_Recorded information:_
-.-.-
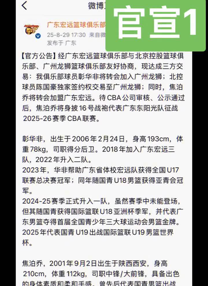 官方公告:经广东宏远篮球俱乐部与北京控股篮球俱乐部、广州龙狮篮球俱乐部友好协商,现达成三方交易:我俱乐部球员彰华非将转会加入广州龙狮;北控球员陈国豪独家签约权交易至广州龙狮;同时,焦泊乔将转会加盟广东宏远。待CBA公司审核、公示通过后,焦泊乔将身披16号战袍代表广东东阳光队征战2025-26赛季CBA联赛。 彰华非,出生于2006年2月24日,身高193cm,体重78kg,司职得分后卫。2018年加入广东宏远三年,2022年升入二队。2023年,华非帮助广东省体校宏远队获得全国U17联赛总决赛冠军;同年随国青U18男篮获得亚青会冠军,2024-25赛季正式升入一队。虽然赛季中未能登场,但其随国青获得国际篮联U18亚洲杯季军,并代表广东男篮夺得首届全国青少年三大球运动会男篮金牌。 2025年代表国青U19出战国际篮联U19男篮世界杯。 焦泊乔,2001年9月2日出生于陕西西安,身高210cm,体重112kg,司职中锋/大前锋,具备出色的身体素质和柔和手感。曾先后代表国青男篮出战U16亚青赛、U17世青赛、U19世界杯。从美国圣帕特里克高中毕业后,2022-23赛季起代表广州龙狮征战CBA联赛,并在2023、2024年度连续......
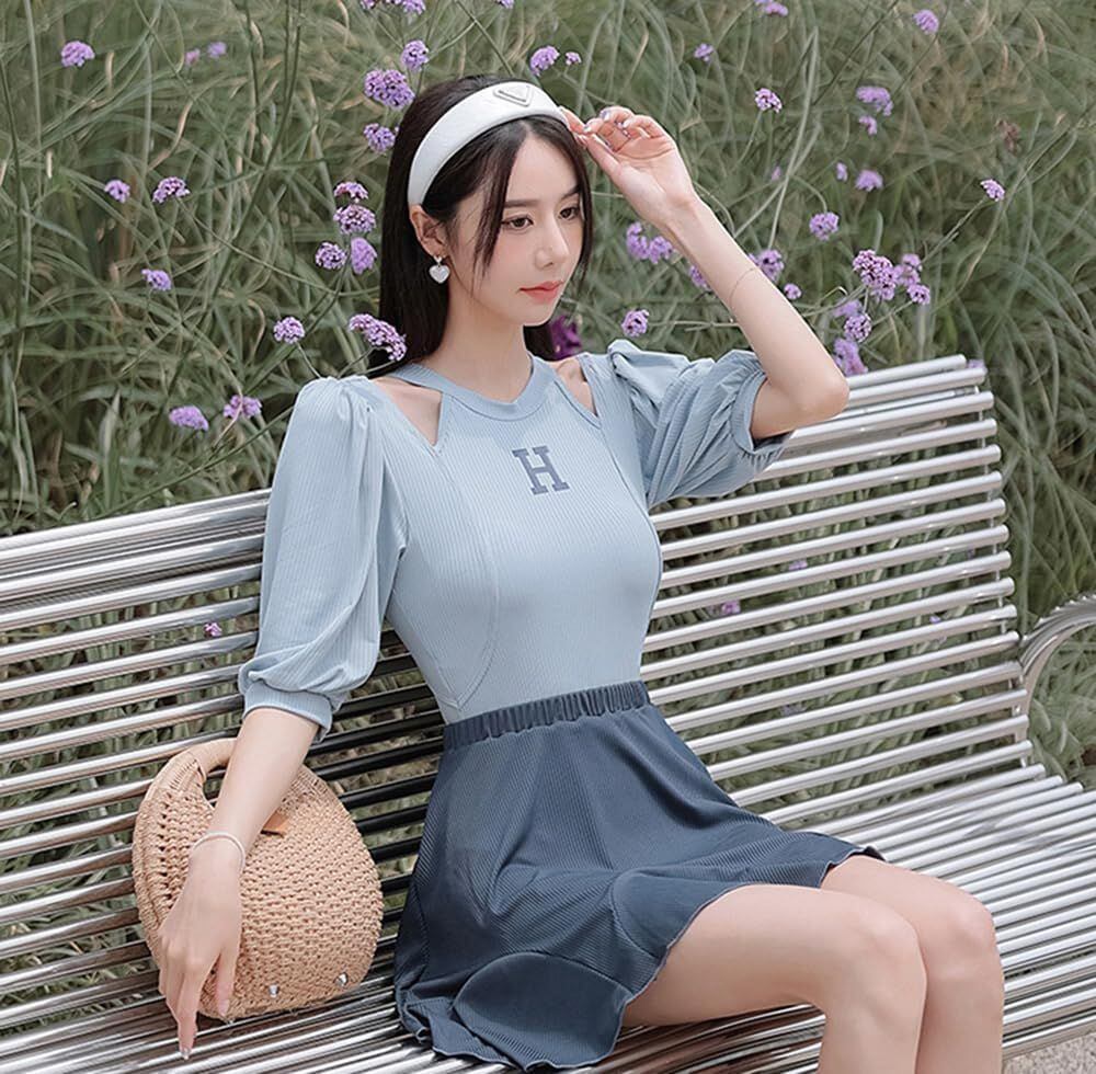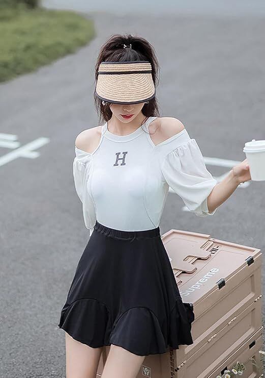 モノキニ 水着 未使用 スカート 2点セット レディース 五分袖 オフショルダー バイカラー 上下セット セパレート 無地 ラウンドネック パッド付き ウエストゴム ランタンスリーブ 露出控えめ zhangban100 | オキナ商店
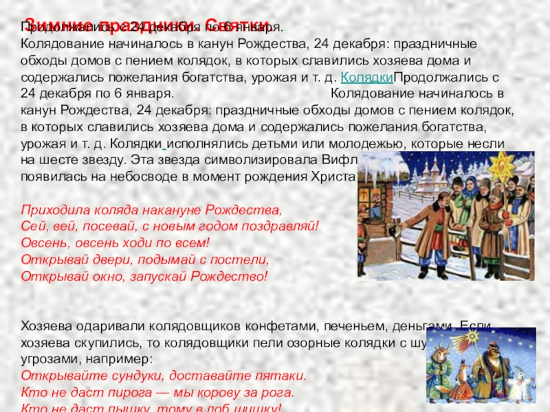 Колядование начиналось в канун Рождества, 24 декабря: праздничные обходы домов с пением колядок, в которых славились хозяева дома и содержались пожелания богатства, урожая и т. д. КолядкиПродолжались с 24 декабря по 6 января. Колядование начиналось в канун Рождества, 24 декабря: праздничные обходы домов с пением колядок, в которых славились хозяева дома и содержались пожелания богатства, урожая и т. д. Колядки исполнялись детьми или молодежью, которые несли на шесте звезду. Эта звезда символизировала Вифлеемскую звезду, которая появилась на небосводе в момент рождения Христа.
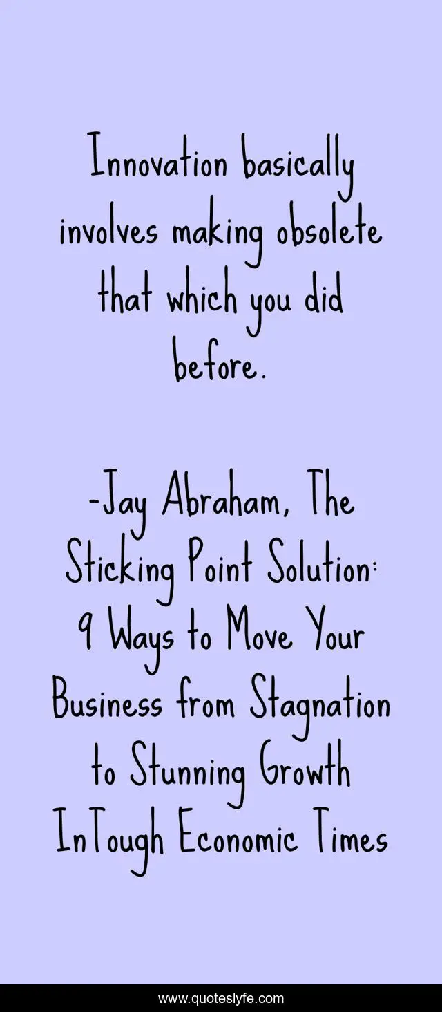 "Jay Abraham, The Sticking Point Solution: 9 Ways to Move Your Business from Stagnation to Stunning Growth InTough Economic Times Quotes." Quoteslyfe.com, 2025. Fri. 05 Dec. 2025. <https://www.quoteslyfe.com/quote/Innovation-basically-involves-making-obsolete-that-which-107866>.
-.-.-
_Directions:_
Word for word, give the listing above again, but drop any pictures.

_Written solution:_
 官方公告:经广东宏远篮球俱乐部与北京控股篮球俱乐部、广州龙狮篮球俱乐部友好协商,现达成三方交易:我俱乐部球员彰华非将转会加入广州龙狮;北控球员陈国豪独家签约权交易至广州龙狮;同时,焦泊乔将转会加盟广东宏远。待CBA公司审核、公示通过后,焦泊乔将身披16号战袍代表广东东阳光队征战2025-26赛季CBA联赛。 彰华非,出生于2006年2月24日,身高193cm,体重78kg,司职得分后卫。2018年加入广东宏远三年,2022年升入二队。2023年,华非帮助广东省体校宏远队获得全国U17联赛总决赛冠军;同年随国青U18男篮获得亚青会冠军,2024-25赛季正式升入一队。虽然赛季中未能登场,但其随国青获得国际篮联U18亚洲杯季军,并代表广东男篮夺得首届全国青少年三大球运动会男篮金牌。 2025年代表国青U19出战国际篮联U19男篮世界杯。 焦泊乔,2001年9月2日出生于陕西西安,身高210cm,体重112kg,司职中锋/大前锋,具备出色的身体素质和柔和手感。曾先后代表国青男篮出战U16亚青赛、U17世青赛、U19世界杯。从美国圣帕特里克高中毕业后,2022-23赛季起代表广州龙狮征战CBA联赛,并在2023、2024年度连续......
 モノキニ 水着 未使用 スカート 2点セット レディース 五分袖 オフショルダー バイカラー 上下セット セパレート 無地 ラウンドネック パッド付き ウエストゴム ランタンスリーブ 露出控えめ zhangban100 | オキナ商店
 Колядование начиналось в канун Рождества, 24 декабря: праздничные обходы домов с пением колядок, в которых славились хозяева дома и содержались пожелания богатства, урожая и т. д. КолядкиПродолжались с 24 декабря по 6 января. Колядование начиналось в канун Рождества, 24 декабря: праздничные обходы домов с пением колядок, в которых славились хозяева дома и содержались пожелания богатства, урожая и т. д. Колядки исполнялись детьми или молодежью, которые несли на шесте звезду. Эта звезда символизировала Вифлеемскую звезду, которая появилась на небосводе в момент рождения Христа.
 "Jay Abraham, The Sticking Point Solution: 9 Ways to Move Your Business from Stagnation to Stunning Growth InTough Economic Times Quotes." Quoteslyfe.com, 2025. Fri. 05 Dec. 2025. <https://www.quoteslyfe.com/quote/Innovation-basically-involves-making-obsolete-that-which-107866>.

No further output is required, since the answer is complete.